Now that you have your PDE, you may want to know the temperature at specific points on the panel a few minutes after takeoff. However, to get those values from your function you need to know the rate of change (called “derivatives”) of temperature over location and time on the panel, since it is a PDE. This is nearly impossible to measure without running expensive and time-consuming real-world tests, rendering your function not particularly useful. To make it useful, you need to “solve” it by approximating the derivatives on a grid, where the rate of change becomes the change between different points on the grid. If the grid is fine enough, you can get an accurate approximation of the solution.
In simple cases, like the square metal panel, scientists can solve PDEs. But most real-world applications—like the rocket as a whole, which has a much more complicated shape—are far more complicated, making it dramatically more difficult (in fact sometimes impossible) to solve the PDE. In those cases, scientists rely on methods that necessarily reduce the detail of the solution. When studying complex systems where details are key, this has posed a significant challenge for scientists and engineers.

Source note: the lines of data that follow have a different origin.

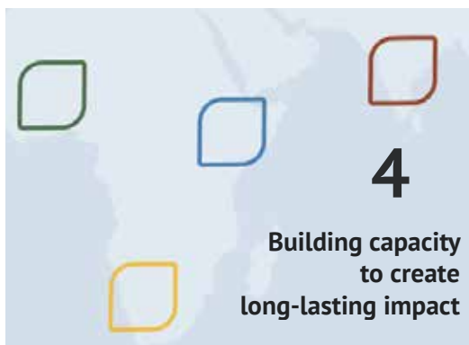
Building capacity to create long-lasting impact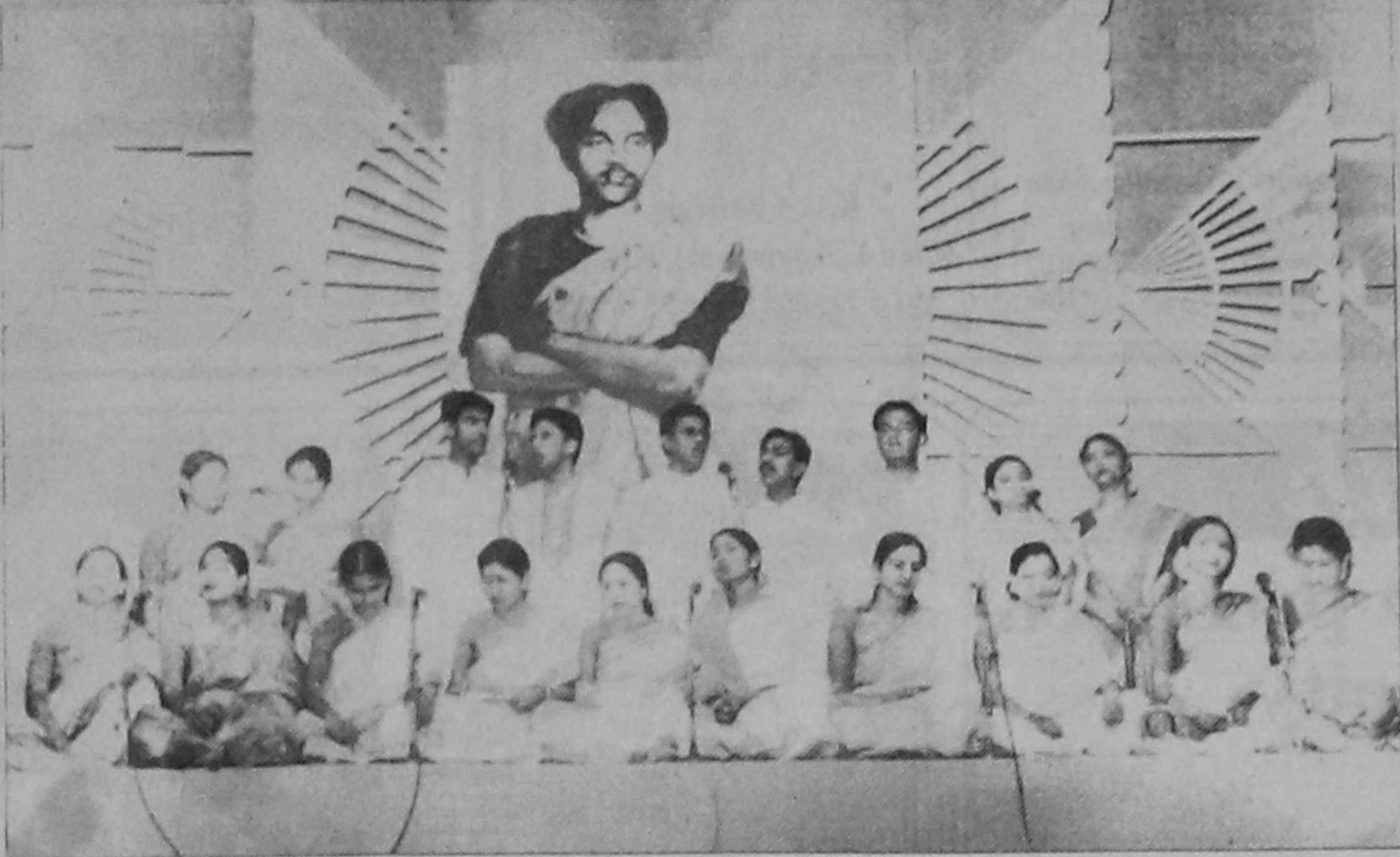
Artists of Chhayanaut presenting a chorus number at the Nazrul Birth Centenary national convention held at the National Museum auditorium in the city yesterday.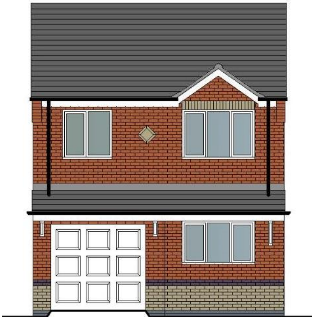
(Typical Front Elevation)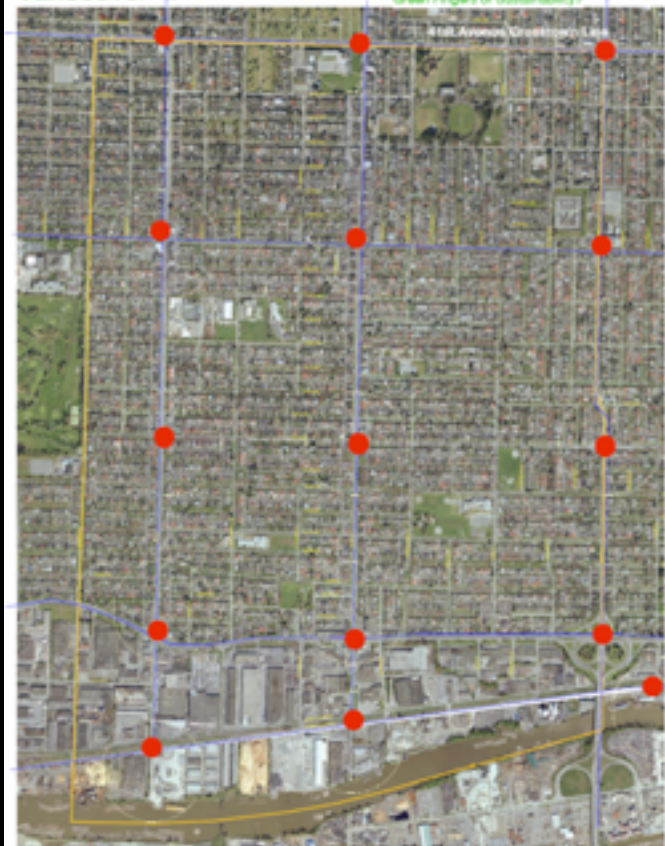
2. Nodes Defining Urban Villages/High Density, Mid rise. -also real neighbourhoods & small: 5000 pop.

Vancouver Community Planning • SSP Session Balfour & Associates • Strategic Planning 2006-10-04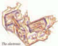
The electronic four-speed automatic trans- mission is standard. It provides precise, smooth shifting.

Cutlass Supreme presents performance in the grand sense: power when and where it's needed. This is a car hard to hug curves, devour straight-aways and pass when entered, deftly and smoothly, without sweating. And to do it at lower cost than similarly talented imports. Every Cutlass Supreme sports the all-new 160-horsepower,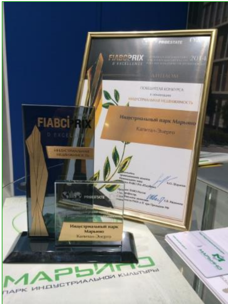
FIABCI Prix d'Excellence 2014

Best industrial park of the Russian Federation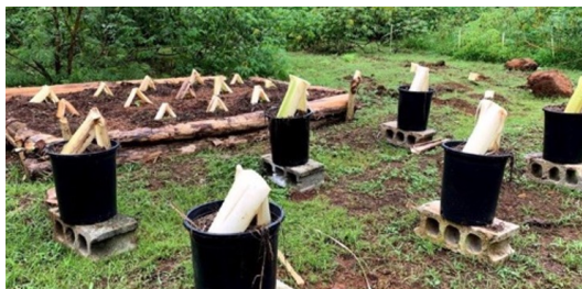
Photo: Newly established demonstration plot at Pohnpei State Division of Agriculture

Extension staff was trained in soil management strategies, compost preparation, urban vegetable growing methods, construction of various types of growers, and nutrient management. As part of the training, extension staff selected a 20x 20’ garden plot at the Pohnpei State Division of Agriculture premises for establishing a demonstration garden. So far, they have planted okra and eggplant in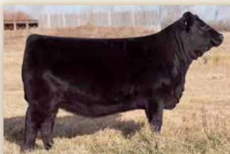
RDE Dolly RLP 12D Dam of Lot 59

HEIFER BULL 20G is a typical Crossfire son who carries the same traits of his sire, low birthweight, unbelievable length of body, smooth shoulders, pretty fronted and big testicular development. 20G is out of a big powerhouse SAV International cow. This is again another bull you can feel safe breeding your first time heifers too.

Moreover, existing methods also have practical limitations. Say you want to model the weather on a small scale for local forecasting and on a large scale to measure trends over years. Both being weather systems, these situations are governed by largely similar sets of PDEs. However, you may want much higher resolution on the small scale, short-term weather forecasts than on the long term climate predictions. Current methods require separate models for each scale even though the underlying physics is the same, which results in a significant resource drain when developing methods to solve nasty PDEs.
How neural operators help
While AI can be extremely useful for many kinds of complicated mathematical problems, using traditional mathematical methods—or even AI—to solve complicated PDEs previously required estimating the PDE solution function directly from the data, which reduces the resolution of the answer.
Neural operators are different: they can learn the process of solving a PDE. They can estimate, from a function relating variables with their rates of change, that same function without the rates of change. The key difference is that neural operators take functions as input and output instead of sequences of numbers, like traditional AI models do. Then, to manipulate the functions internally and find patterns, neural operators implement mathematical tools like Fourier Transforms that can split a function up into many parts and then group them back together.

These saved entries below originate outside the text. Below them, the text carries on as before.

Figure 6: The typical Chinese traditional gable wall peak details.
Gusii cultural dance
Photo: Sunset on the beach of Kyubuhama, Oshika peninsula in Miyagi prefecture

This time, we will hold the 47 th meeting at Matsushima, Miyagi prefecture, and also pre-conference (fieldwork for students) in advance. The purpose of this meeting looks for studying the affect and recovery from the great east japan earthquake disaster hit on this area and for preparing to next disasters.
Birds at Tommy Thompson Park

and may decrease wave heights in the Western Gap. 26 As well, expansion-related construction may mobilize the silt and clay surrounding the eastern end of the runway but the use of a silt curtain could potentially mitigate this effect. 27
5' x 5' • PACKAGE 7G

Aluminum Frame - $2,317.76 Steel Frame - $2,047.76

Because of this, scientists can train a neural operator model on one level of resolution and output it on another, meaning scientists avoid the practical issue of training many models for the many levels of resolution they are interested in. Higher resolution also means more accuracy when simulations run for longer. This means that scientists can use the same AI model for many different tasks that require differing levels of resolution, saving countless hours and dollars on training and compute.
Looking ahead
With only five years on the scene, the world with neural operators is a world more prepared for natural disasters, better equipped to fight diseases, and closer to solving decades-old problems in science. By supporting research in this emerging architecture within AI, the U.S. can lead in developing faster, more accurate AI systems with extremely impactful practical and scientific applications.